What is expected
Which lines run from the one containing "cat.mau.ru ru.wikipedia.org kotikoshka.ru" to the end of the material below? Copy them exactly, pictures excluded.
-------- Provided data
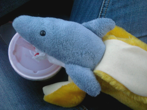 These past few weeks have been super busy for me mostly due to things going on in lab. However, while I was away in lab, my sharks got to have a lot of fun this week. First Banana Shark got to have Orange Julius and pie on Pi Day and then yesterday five of my sharks had the pleasure of chasing me around the apartment complex when I got home early from lab. These pictures were super fun for Cobalt and me to take… I have been planning this shoot for a while now. Unfortunately the sun got in our way a little bit (hence all the crazy flares) but no worries. We just might have to do it again… I had originally planned the shoot to use three people and not just two so we’ll just have to try it again… perhaps we’ll take the sharks to the park! :) I love Banana Shark in this bottom picture…
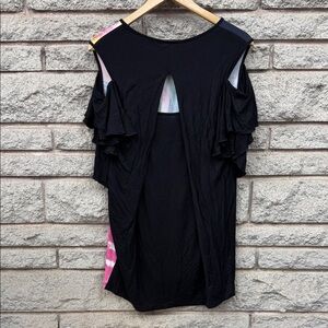 Simon Chang Multicolor Abstract Short Sleeve Top
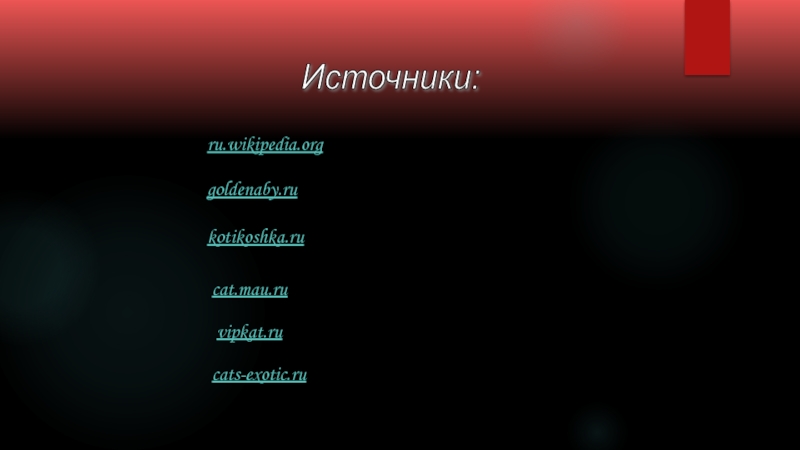 cat.mau.ru ru.wikipedia.org kotikoshka.ru vipkat.ru cats-exotic.ru goldenaby.ru Источники:
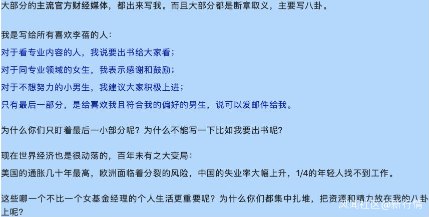 她表示,現在世界經濟動盪,百年未有之大變局……哪一個不比一個女基金經理的個人生活更重要呢?“為什麼你們都集中扎堆,把資源和精力放在我的八卦上呢?”
----------------
Exercise result
 cat.mau.ru ru.wikipedia.org kotikoshka.ru vipkat.ru cats-exotic.ru goldenaby.ru Источники:
 她表示,現在世界經濟動盪,百年未有之大變局……哪一個不比一個女基金經理的個人生活更重要呢?“為什麼你們都集中扎堆,把資源和精力放在我的八卦上呢?”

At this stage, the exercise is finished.